Segment: Divide images or videos into regions corresponding to different objects.
Classify: Predict the class label of an image.
Pose: Estimate key points for objects in an image.
OBB: Use oriented bounding boxes for specific imagery applications.
In marine research, detection can be used to identify different fish species or coral structures in video footage, while segmentation could help distinguish between different types of habitats, such as coral reefs and sea grass beds. Classification tasks can assist in labeling different faunal species, and pose estimation can be useful when tracking movement patterns in marine animals. Oriented bounding boxes are valuable in aerial or satellite imagery analysis, where objects like ships or coastal structures need to be tracked in varying orientations.
10.3. YOLO Modes#
The model can be used in different modes, depending on the objective:
Train: Train a YOLO model on a custom dataset.

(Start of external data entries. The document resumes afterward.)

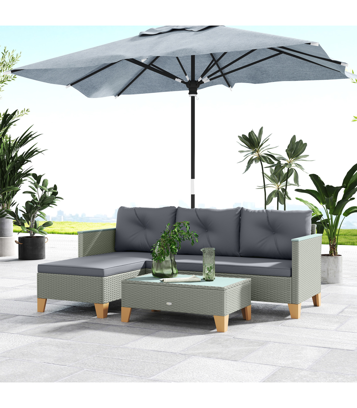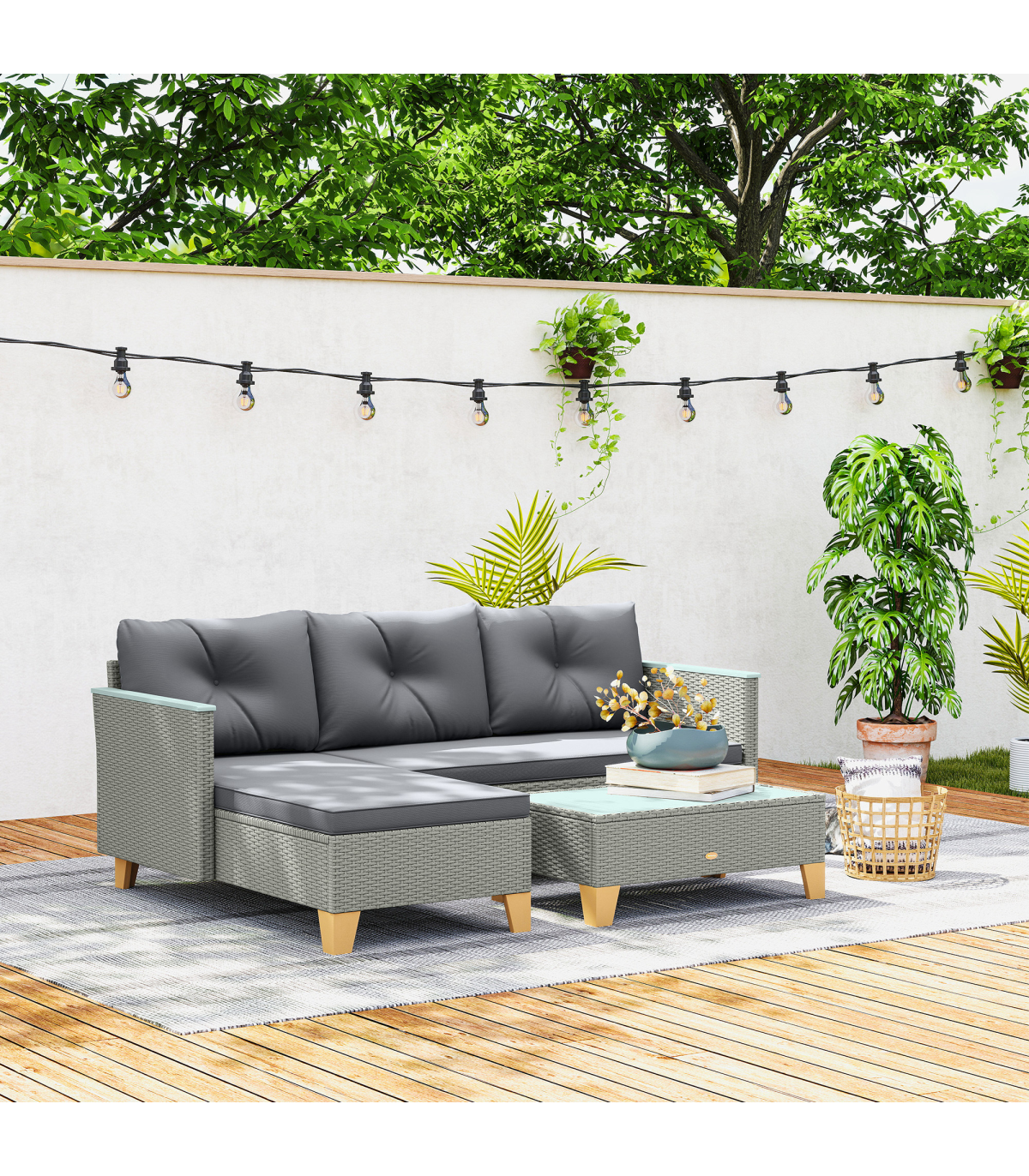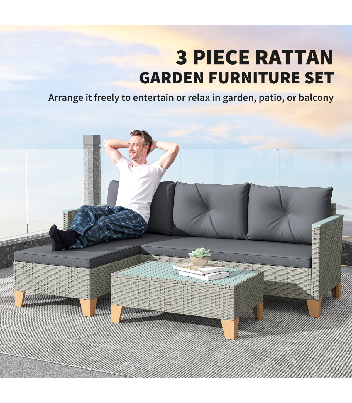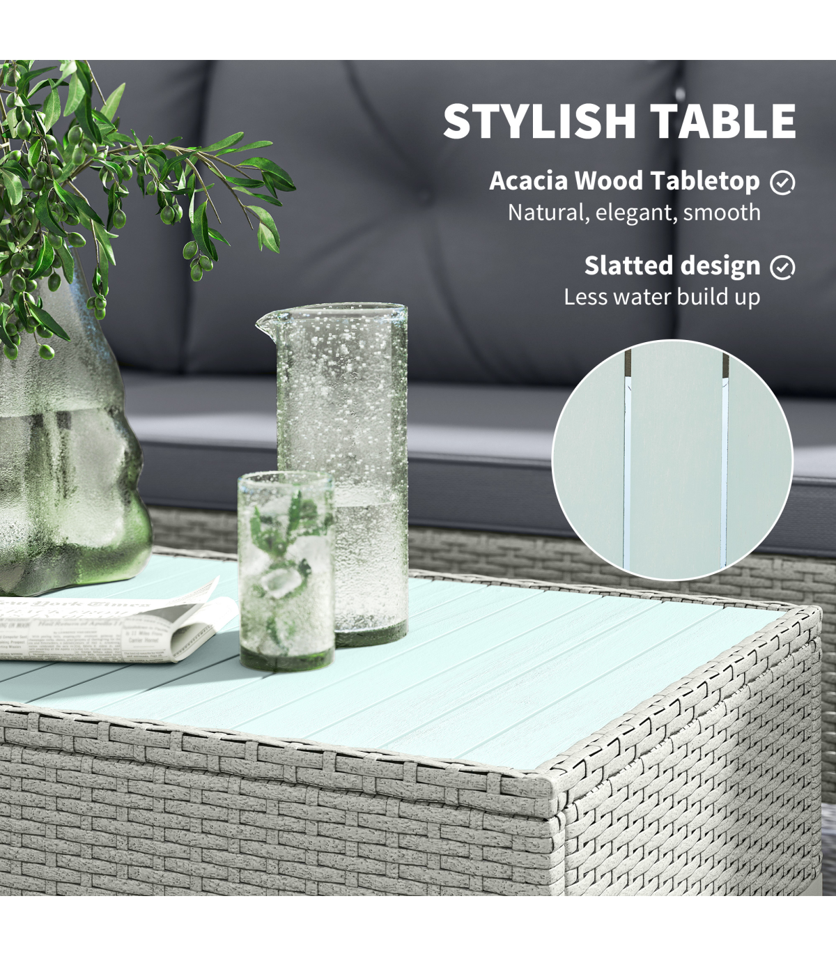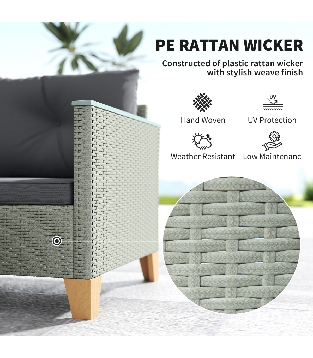 ● Materials: Steel, PE Rattan, Polyester, Acacia Wood, Sponge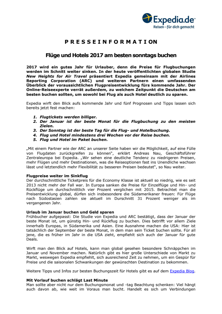 2017 wird ein gutes Jahr für Urlauber, denn die Preise für Flugbuchungen werden im Schnitt weiter sinken. In der heute veröffentlichten globalen Studie "New Heights for Air Travel" präsentiert Expedia gemeinsam mit der Airlines Reporting Corporation (ARC) und weiteren Partnern einen umfassenden Überblick der voraussichtlichen Flugpreisentwicklung fürs kommende Jahr.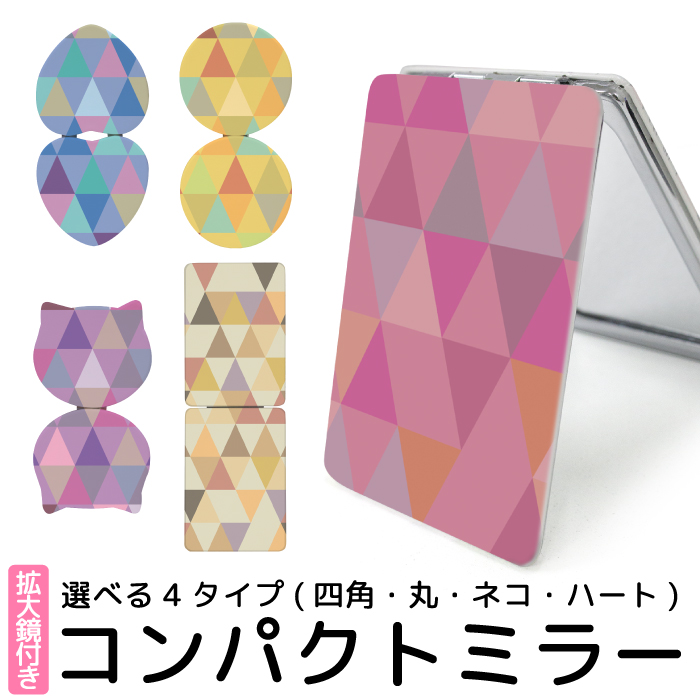 ■コンパクトミラー 折りたたみ 鏡 コンパクト ミラー 拡大鏡 付 携帯ミラー デザイン プリント ハンドミラー 二つ折り 手鏡 丸型ミラー 両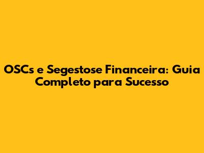 OSCs E Segestose Financeira: Guia Completo Para Sucesso

Val: Validate the model after training.
Predict: Make predictions on new data.
Export: Export the model for deployment.
Track: Track objects in real-time.
Benchmark: Evaluate model speed and accuracy after export.
In marine applications, training and validating a model is often done with custom datasets collected from ROVs or AUVs during underwater surveys. Prediction and tracking modes can be employed in live deployments to identify and monitor marine fauna in real-time, providing valuable data for fisheries management or ecological monitoring. Benchmarking can ensure that these models perform well in different environments, whether for deep-sea monitoring or coastal surveillance.
10.4. Key Training Settings#
Training settings affect model performance, speed, and accuracy. Important settings include batch size, learning rate, image size, and device selection. For a complete understanding of each parameter, explore the official Train Settings on the Ultralytics documentation.
In marine contexts, training settings must be carefully tuned due to the challenges posed by underwater environments, such as varying light conditions, occlusion, and the presence of marine snow. Optimizing batch sizes and learning rates helps ensure models are robust enough to handle these inconsistencies and perform accurately in diverse settings like coral reefs, hydrothermal vents, or the open ocean.
10.5. Inference Settings#
Inference settings allow for model predictions on new data. Key parameters include confidence threshold, image size, and device. Adjusting these settings helps fine-tune the model’s predictions to your specific needs. Learn more in the Predict Settings.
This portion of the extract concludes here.